### Data records

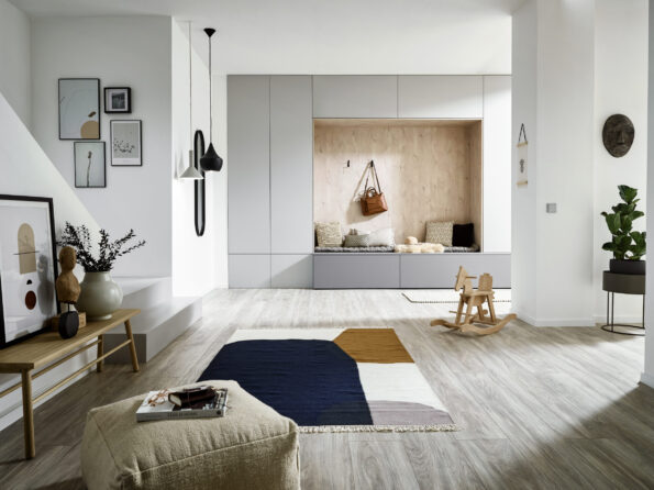 Acryllaminat RAUVISIO brilliant ističe aktuelne trendove u dizajnu nameštaja i uređenju stambenog prostora. Zahvaljujući svom blistavom dubinskom efektu RAUVISIO zamenjuje sjajne, visoko kvalitetne lakirane elemente u dizajniranju površina i omogućava izuzetan dizajn kod površinskih obloga na vertikalnim frontovima nameštaja. Površinski materijal sadrži brojne prednosti: Akrilni laminat je trajno otporan na UV zračenje – kod upotrebe u zatvorenom prostoru dokazano za period najmanje 20 godina. Osim toga, svestrana površina pokazuje izvanredni kvalitet boje i sjaja i može se skratiti na dimenzije pomoću svih uobičajenih alata za obradu drveta. Dodatna sloboda u dizajnu se dobija zahvaljujući jednostavnom savijanju i kantovanju materijala, tako da se može dovesti u skoro bilo koji oblik.
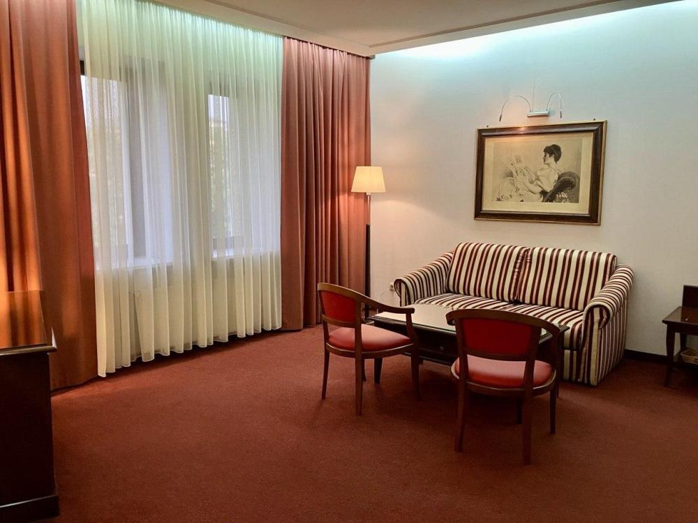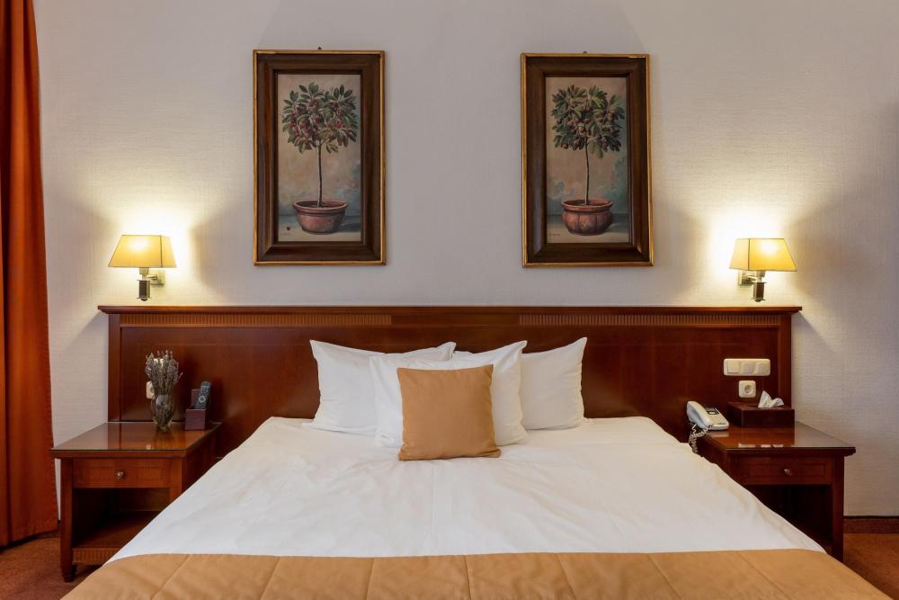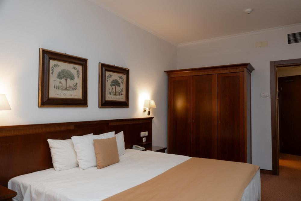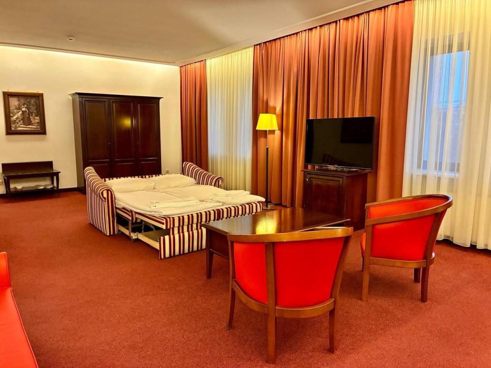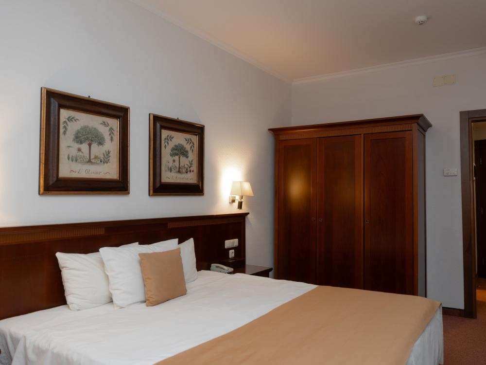 Элегантный просторный номер (площадью 60 м2), сочетающий в себе изящную гостиную и спальню. В гостиной расположены диван (раскладной), журнальный стол, два кресла, рабочий стол. Номера обставлены мебелью ценных пород дерева работы итальянских мастеров фирмы «Selva» (г. Верона). Приватная зона – спальня – скрыта от посторонних глаз в глубине номера. Просторная ванная комната (8 м2) оборудована биде, джакузи, телефоном. Номера имеют повышенную звукоизоляцию и систему климат контроля, которые гарантируют Вам спокойный сон в центре города.
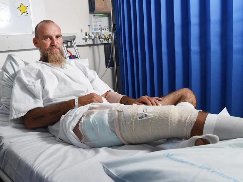 แพทย์พบว่าขาของเขาเป็นแผลเหวอะหวะหลายจุด ตรงต้นขาเป็นแผลใหญ่ขนาดเท่าฝ่ามือ เนื้อเกือบหลุดหายไป และยังมีแผลใหญ่ ยาวประมาณ 20 เซนติเมตรที่บริเวณก้น เขาถูกย้ายไปยังโรงพยาบาลอื่น และต้องเข้ารับการผ่าตัดเพื่อรักษาอาการบาดเจ็บดังกล่าว
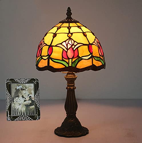 CAZARU Vitrail Tulipe Jaune Abat-Jour Lampe de Bureau Décora...
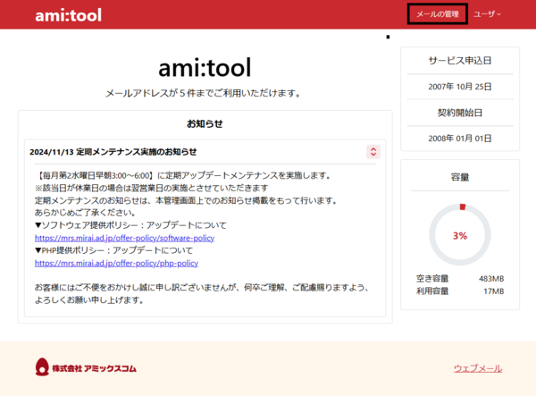 ami:toolメール(enat.jp)管理画面にログインして確認する方法
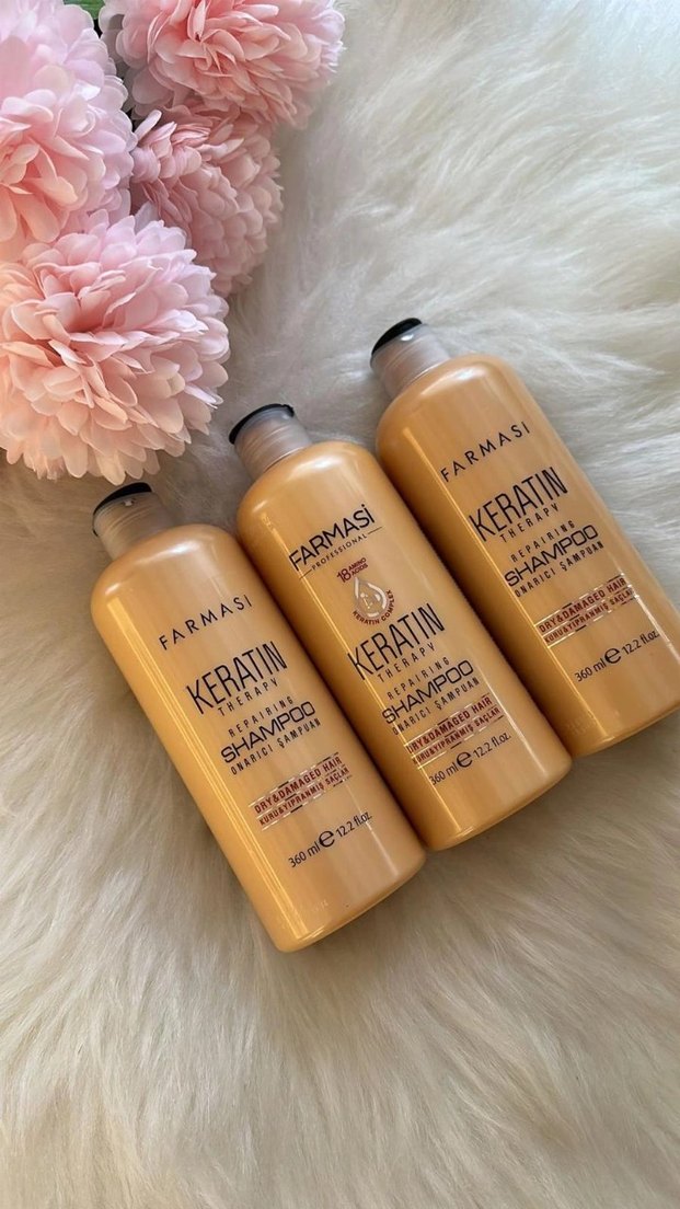 Farmasi Keratin şampuan, saçları besleyip onarır. Keratin tedavisi ile saçları pürüzsüz ve sağlıklı gösterir. Her şişe 350 ml hacmindedir.
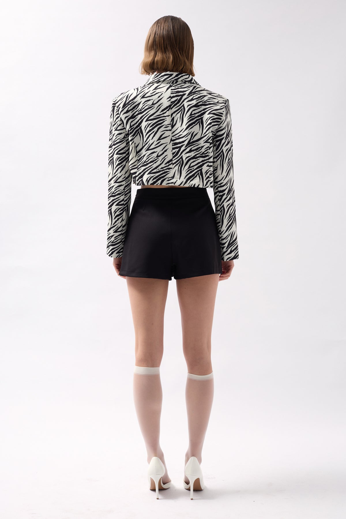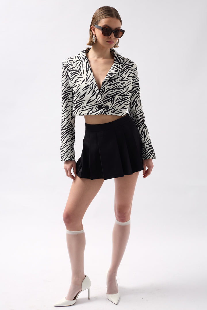 Desenli Siyah Crop Ceket
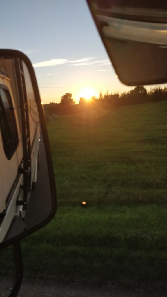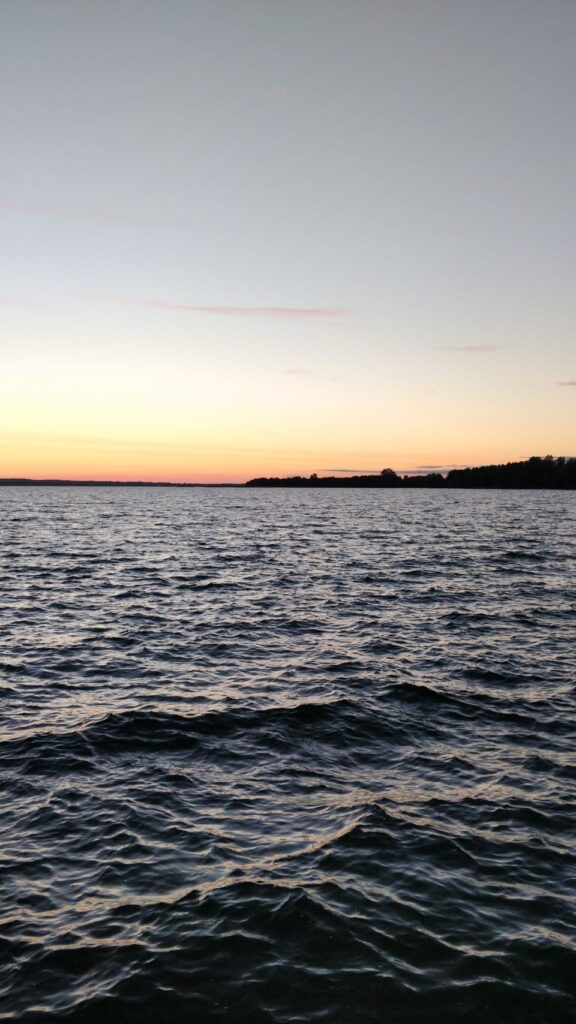 Schlafplatz gefunden – nicht ganz so wie geplant, aber das Ufer des Dusiasees ist fast komplett in privater Hand, wir finden keine gute Stelle, wo man direkt an den See rankommt. Wir landen auf einen kleinen Parkplatz mit Wanderweg und Infocenter, das ist aber geschlossen – genauso wie ein kleiner Foodtruck, der dort steht… ♀️… Gut, dass wir in Kaunas schon gegessen haben .
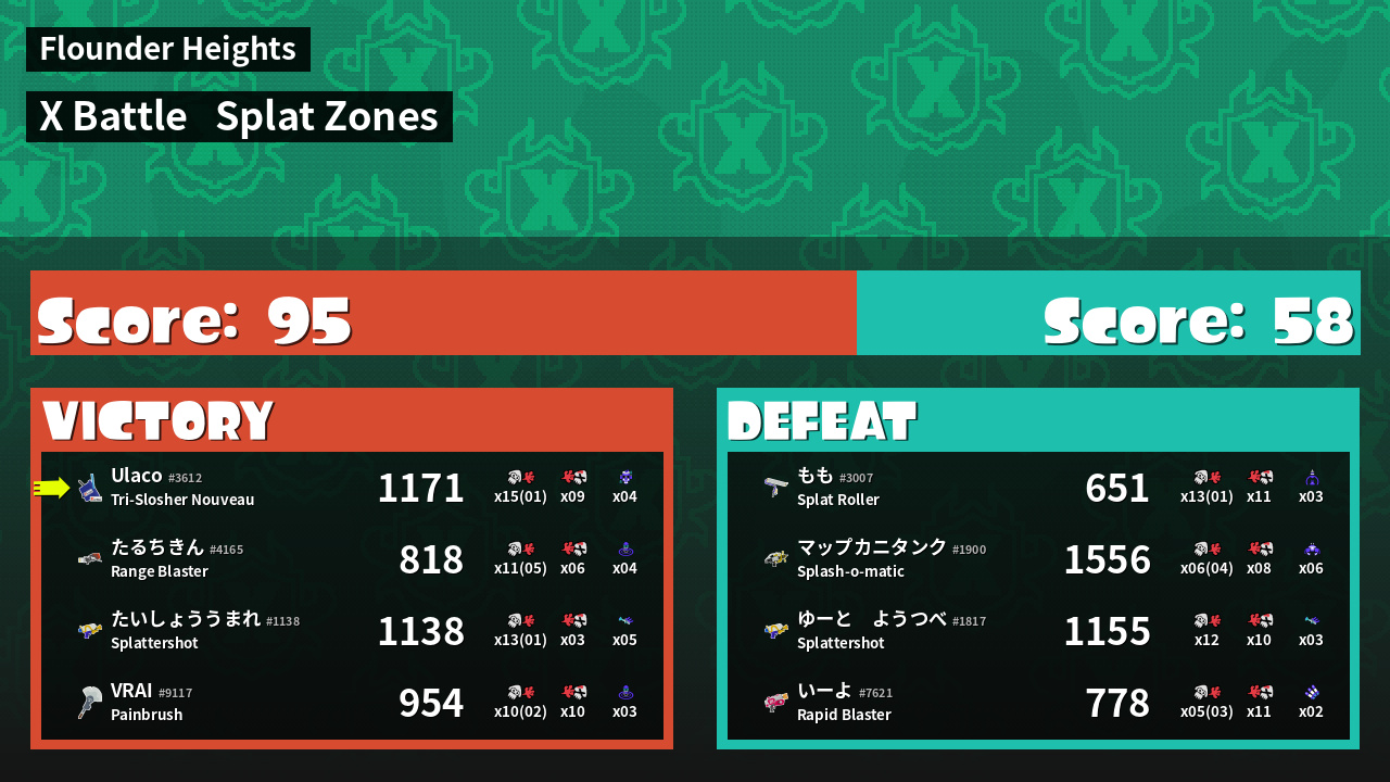 | Mode | Splat Zones - X Battle | ||

######

## How to complete this task
Out of the records above, please copy exactly the lines from the line with "เนื้อเกือบหลุดหายไป และยังมีแผลใหญ่ ยาวประมาณ" up to and including the line with "Farmasi Keratin şampuan, saçları", minus the pictures.

## Response
 แพทย์พบว่าขาของเขาเป็นแผลเหวอะหวะหลายจุด ตรงต้นขาเป็นแผลใหญ่ขนาดเท่าฝ่ามือ เนื้อเกือบหลุดหายไป และยังมีแผลใหญ่ ยาวประมาณ 20 เซนติเมตรที่บริเวณก้น เขาถูกย้ายไปยังโรงพยาบาลอื่น และต้องเข้ารับการผ่าตัดเพื่อรักษาอาการบาดเจ็บดังกล่าว
 CAZARU Vitrail Tulipe Jaune Abat-Jour Lampe de Bureau Décora...
 ami:toolメール(enat.jp)管理画面にログインして確認する方法
 Farmasi Keratin şampuan, saçları besleyip onarır. Keratin tedavisi ile saçları pürüzsüz ve sağlıklı gösterir. Her şişe 350 ml hacmindedir.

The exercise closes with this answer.